The identical statement has been going the rounds of the muck-raking magazines and newspapers, and has been a favorite weapon of insurgent and democratic demagogues in their attacks on schedule K. To attempt to make answer to such as these would be a mere waste of words. The facts answer them and only the unthinking or prejudiced can be misled. The same statement made by the Journal of Commerce assumes a semblance of more authority and is all the more reprehensible.

The assumption to be drawn from the statement made is that, were there no duty on wool, the people of this country would be more comfortably and durably dressed and that none would be deprived of such clothing. As a large proportion of the domestic clip has been selling on a free wool basis, and as much of it is now within but a few cents of that basis, the Journal of Commerce will probably be able to explain why it is that anyone should suffer for lack of warm clothing. But argument along this line is silly to anyone who knows the facts.
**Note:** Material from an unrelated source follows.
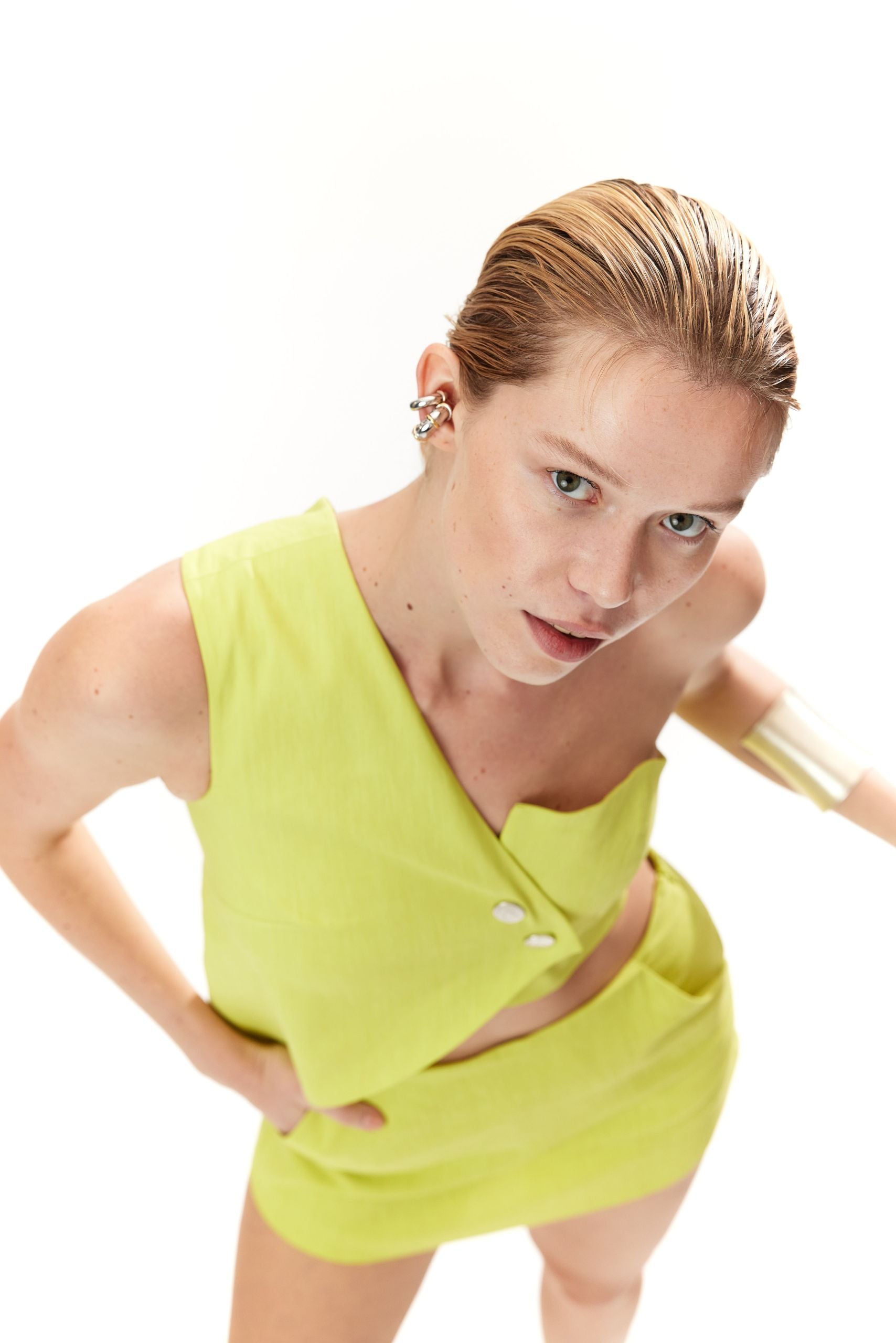 Made of vibrant yellow-green shade linen-blend fabric

The facts are that the per capita consumption of wool is larger in the United States than in any other country in the world, that its people are better dressed, class for class, than those of any other country in the world, and that the people wear poorer wool goods and fewer of them when they enjoyed (?) the benefits of free wool under the Wilson-Gorman tariff. The Journal of Commerce knows all this, but, like thousands of others in this country, it has temporarily forgotten and needs to suffer the return of bread line and free soup kitchen times to bring it to its senses.

THE "PROGRESSIVE" FAD.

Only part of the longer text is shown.